Extrapolation of seismic land streamer data using interferometry

Seeing Deeper with Fewer Sensors

When engineers and environmental scientists want to peek beneath roads, building sites, or flood embankments, they often rely on seismic surveys—sending vibrations into the ground and recording the echoes. A newer, faster version of this approach uses a towed “land streamer” of sensors. It is efficient but struggles to see very deep. This paper presents a clever mathematical method that lets researchers squeeze more depth and detail out of the same land streamer data, without adding a single extra sensor or spending more time in the field.

The Challenge of Quick Ground Scans

Land streamers are lines of geophones bolted onto small plates and dragged behind a vehicle. A simple source, such as a weight hitting the ground, sends vibrations into the subsurface, and the moving array records how long they take to return. Because this setup is mobile and easy to deploy, it is ideal for time-sensitive work like inspecting roads, assessing building foundations, or checking environmental sites. However, there is a catch: the streamer is short, and the sensors do not couple perfectly with the ground. As a result, recordings from distant sensors are weak and noisy, and typical surveys can only probe down a few tens of meters. Traditional fixes—like repeating the survey with shifted positions or using more gear—cost time and money and still may not fully solve the depth problem.

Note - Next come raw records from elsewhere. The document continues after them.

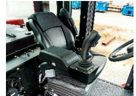
Fully Adjustable Mechanical Seat (Standard)
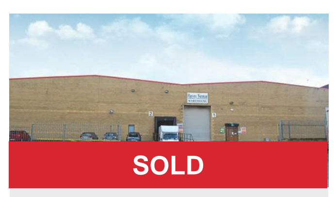
Units 13 & 14, East Coast Business Park, Drogheda, Co. Louth
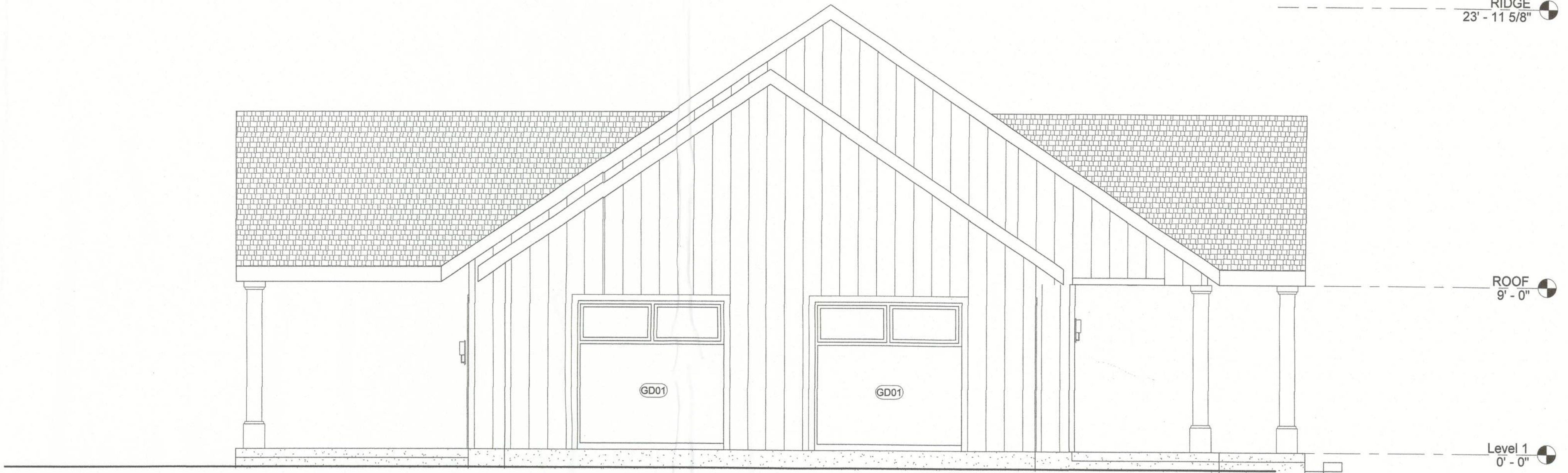
2 WEST ELEVATION 1/4" = 1'-0"
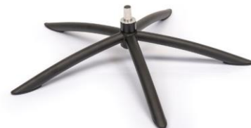
TSS2 Tube Space base - black

A Virtual Extension of the Sensor Line

The study introduces Land Streamer Extrapolated Supervirtual Interferometry (LS-ESVI), a technique that effectively makes the streamer behave as if it were much longer than it really is. Instead of installing more sensors, LS-ESVI reuses the travel times of seismic waves already recorded at nearby sensor pairs. By comparing (in effect, subtracting and adding) the arrival times between sensors, the method reconstructs what the signal would look like at positions beyond the physical end of the streamer. This "virtual" extension doubles the useful length of the survey, giving access to deeper parts of the subsurface while relying only on data from the original pass.

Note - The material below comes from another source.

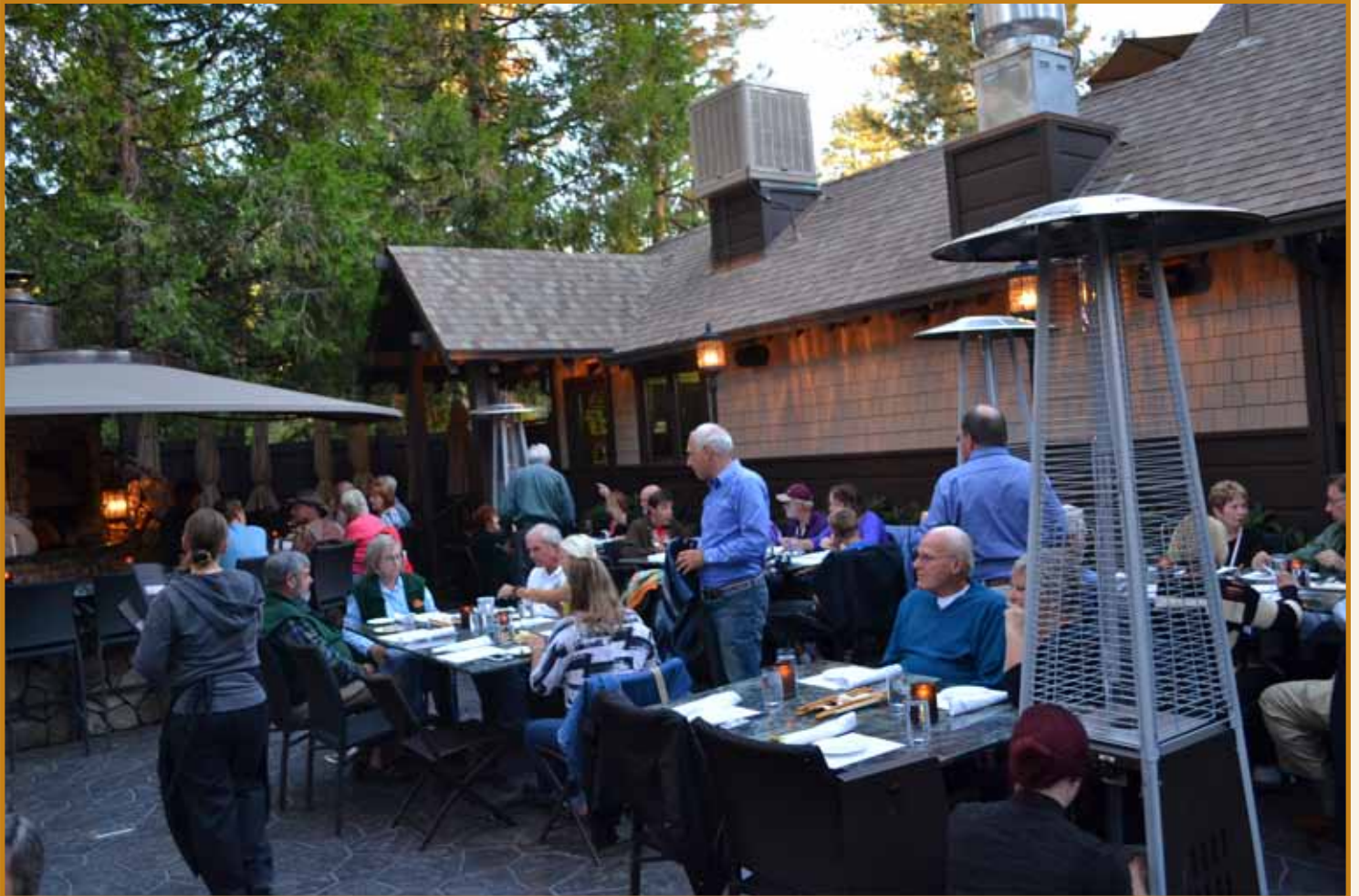
IEJC, JOC LA and SDJC members enjoy the patio in the pines; a beautiful setting for a Concours!
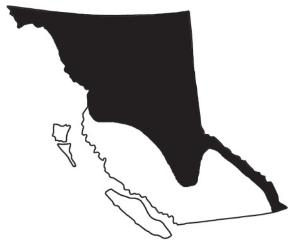
Figure 2. Distribution of the wood frog ( Rana sylvatica ) in British Columbia.

species found throughout most of the interior of British Columbia (Figure 2). Populations vary considerably with latitude but are highest in more northern areas. The centre of abundance appears to be in the southern Peace River region. It ranges from the vicinity of the Alsek River in the extreme northwest and across the northern half of the province south to Terrace, Francois Lake and Prince George in the west. The range continues southeast through the eastern Fraser Plateau and Cariboo-Chilcotin regions to Clinton and Chase and east to Yoho National Park (Figure 3). It has been found at subalpine elevations.

How the Method Works Behind the Scenes

At its core, LS-ESVI is built on interferometry, a branch of wave physics that shows how new wave paths can be synthesized by combining existing measurements. In the full theory this involves cross-correlation and convolution of entire waveforms, but the author simplifies it for practical use. Because many shallow surveys care mostly about the time of the first arriving wave, LS-ESVI operates on travel times rather than full signals. Conceptually, the method first estimates the extra time it takes for a wave to travel between two receivers through deeper, faster layers. It then adds this inter-receiver time to the known path from a source to one receiver, producing an estimated time to a “virtual” receiver located farther away. Optional clean-up steps—like deconvolution and an iterative enhancement procedure—can sharpen and strengthen weak signals, especially when the raw data are noisy.

Testing on Models and Real Ground

To judge whether these virtual arrivals are trustworthy, the author runs a series of tests. In computer-made models with two and three layers of rock, LS-ESVI uses only the near-offset travel times and then predicts the missing far-offset data. Because the full, ideal data set is also known, the two can be directly compared. In layered cases with uneven boundaries, the errors between extrapolated and true times are typically just a few thousandths of a second, well below what can be resolved by the seismic waves themselves. The method is also tested on a more challenging model where wave speed increases smoothly with depth; here, errors grow but still remain interpretable, highlighting both the potential and the limits of the approach. Finally, a field experiment near Dammam City in Saudi Arabia shows that for a real land streamer survey, 86% of the extrapolated arrivals differ from carefully picked reference times by less than 4 milliseconds—within the accepted resolution for this type of data. The extended data improve coverage for imaging methods that turn travel times into pictures of underground velocity.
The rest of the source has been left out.